Costa é veterinário e auditor fiscal federal agropecuário e trabalha como adido Agrícola do Ministério da Agricultura, Pecuária e Abastecimento, em Bruxelas, na Bélgica.

O Brasil segue os padrões internacionais na produção de alimentos em relação ao código alimentar (Codex Alimentarius) da FAO/OMS?

Guilherme Costa – Sim. O Brasil é membro do Codex Alimentarius desde 1968. Tem trabalhado de forma robusta na elaboração de normas, códigos de práticas e diretrizes que garantam a inocuidade e as práticas leais de comércio dos alimentos, os dois pilares principais dessa Organização das Nações Unidas. Ademais, o país busca, cada vez mais, harmonizar a sua regulamentação nacional nessas áreas, com base nos padrões internacionais estabelecidos pelo Codex Alimentarius.
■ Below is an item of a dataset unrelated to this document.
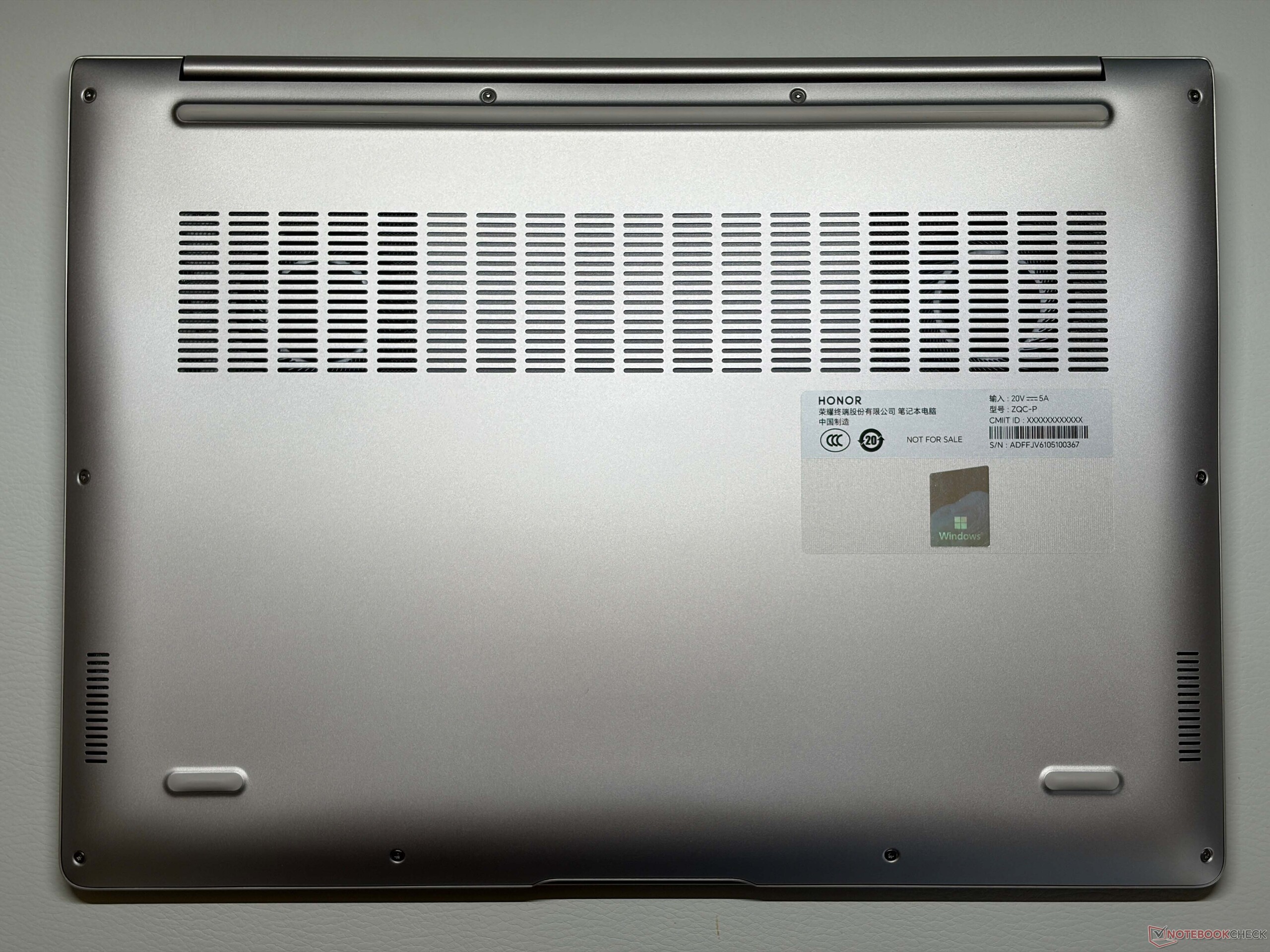 Honor utilizza ancora lo stesso chassis del precedente MagicBook Pro 14 per il nuovo modello 2026. Lo chassis in metallo è disponibile in tre colori diversi (grigio stellato, verde o bianco) e la qualità lascia un'ottima impressione. Sia l'unità base che il coperchio sono molto robusti e le cerniere sono ben regolate (angolo di apertura massimo ~165 gradi). È possibile aprire facilmente il coperchio con una sola mano, ma non ci sono oscillazioni degne di nota. È facile rimuovere il pannello inferiore, ma la manutenzione è limitata alle ventole, alla batteria e ai due slot SSD.

O Brasil é um dos atores principais e mais ativos do Codex e de 2014 a 2017 ocupou uma das três vice- -presidências da organização. A partir de 2017, passou a ocupar, pela primeira vez, tanto para o país como para a América do Sul, a presidência, após processo eletivo, com reeleições em 2018 e 2019.

Quais são esses padrões?

Esses padrões são normas, códigos de práticas e diretrizes desenvolvidos pelo Codex Alimentarius. Para a efetiva aplicação desses padrões, eles devem ser incorporados, no todo, ou em parte, à legislação nacional do país membro. Os padrões do Codex podem ser de caráter geral ou específico. Os textos básicos do Codex se aplicam a todos os produtos e categorias de produtos. Esses textos normalmente estabelecem diretrizes horizontais para temas como práticas higiênicas com os alimentos, rotulagem, aditivos, inspeção e certificação, nutrição, resíduos de medicamentos veterinários e produtos fitossanitários (defensivos agrícolas). As normas do Codex para produtos referem-se a um produto específico, embora, atualmente, tais normas estabeleçam, cada vez mais, padrões para grupos de produtos, por exemplo, um padrão geral para sucos e néctares de frutas em vez de um para cada fruta.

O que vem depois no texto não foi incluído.